Chatbots and CX – how to make the most out of AI
Chatbots are becoming more popular with companies - the market for AI-based chatbots is predicted to reach $1.25 billion by 2025[i]. Using chatbots, you can look at how to automate interaction with customers around simple problems.
Chatbots can cover multiple customer requirements, from product queries through to providing support and service information. By connecting customers with the right information, you can automate some of your customer service and improve customer experience.
However, it’s not as simple as simply shifting your existing live chat service over to a bot.

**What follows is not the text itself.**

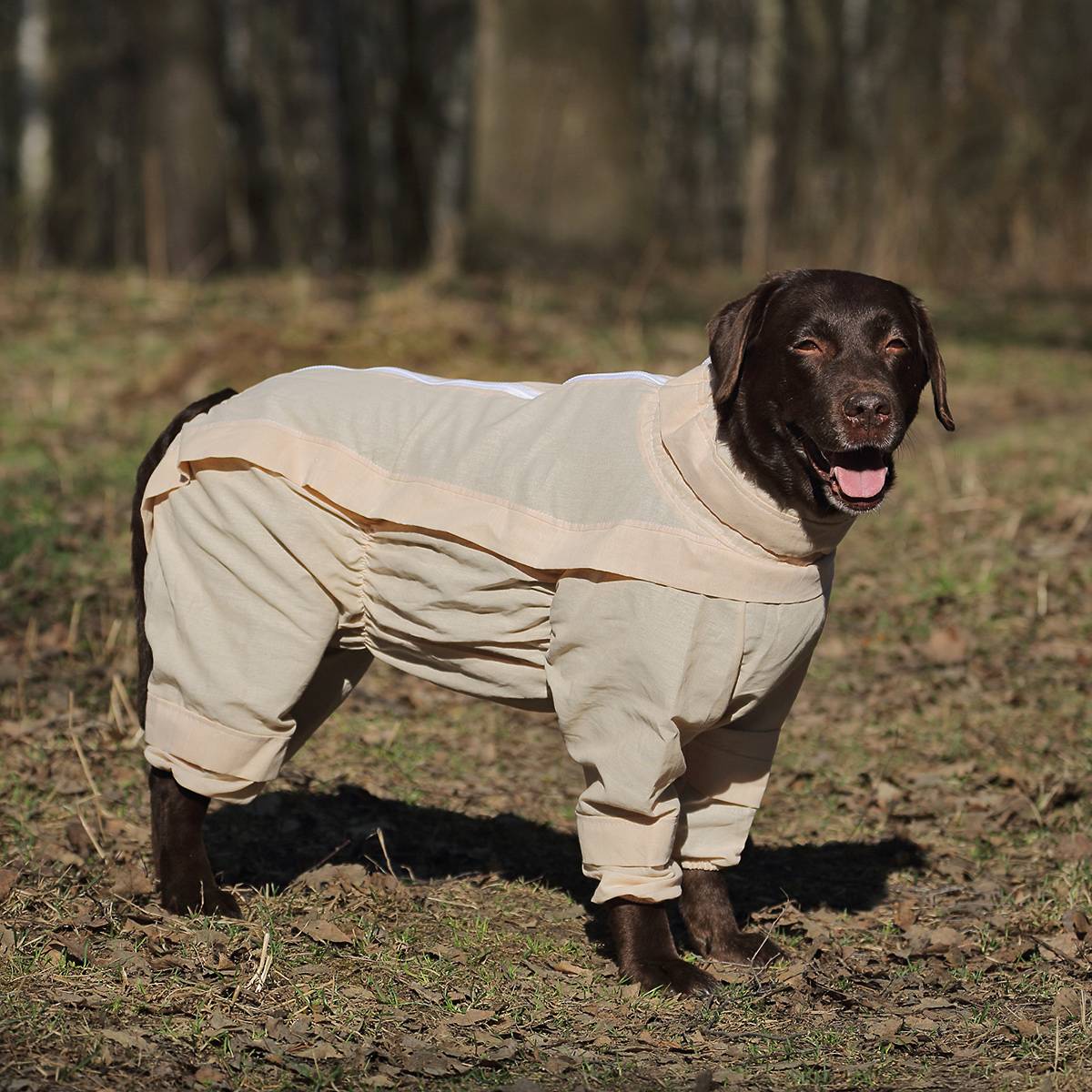 - Комбинезоны от клещей с ловушками обеспечивают комфортные условия пребывания собаки на природе в любую погоду, в том числе и в летнюю жару в пик сезона активности клещей, за счет дышащей ткани из 100% хлопка и светлой расцветки.

All chatbots need to be trained in order to ensure that they deliver the required service to your customers. It is through training that bots can recognise what customers are asking for and then recommend the right material or content.
Alongside this training, you can look at what content assets you have at your disposal for bots to deploy. Most companies today will have internal sets of content that are used to help customers, from public website content and FAQs, through to internal KnowledgeBase articles and guides. Cataloguing this information makes it easier for chatbots to respond to queries with the right information.
Over time, more responses to customer requests can be automated, which means that your customer service can be more efficient. However, this means a big shift in priorities for agents working with chatbots. Rather than focusing on specific issues, your team can spend time to deliver the right additional material to meet future requirements or to deal with more difficult problems. For example, this could mean creating extra articles or developing better problem management initiatives that could solve wider swathes of problems. Over time, this should provide better service levels and more targeted support to your customers.
How to get started with chatbots
Here is a guide to the chatbot training process:
- Firstly, chatbots have to start from somewhere. This means providing a set of training data to the chatbot. Your existing service tickets and interactions can be used here, so the chatbot can learn from previous conversations between agents and customers to see what materials are used to solve which problems.
Using this material, chatbots can view the most common questions and approaches that customers use in real life and can learn the terminology involved during these interactions. This can provide the initial guidance on how to respond to other customer chat requests.
- Secondly, your internal teams will need training as well as the chatbot service. Once the chatbot is implemented, agents can track the interactions that take place. Agents need to be trained to ensure that they’re able to take over when needed. For example, a human agent can intervene when a chatbot recommends the wrong asset has been used and another asset should be used instead.
Based on this recommendation to the chatbot, agents can influence workflows and what actions take place when.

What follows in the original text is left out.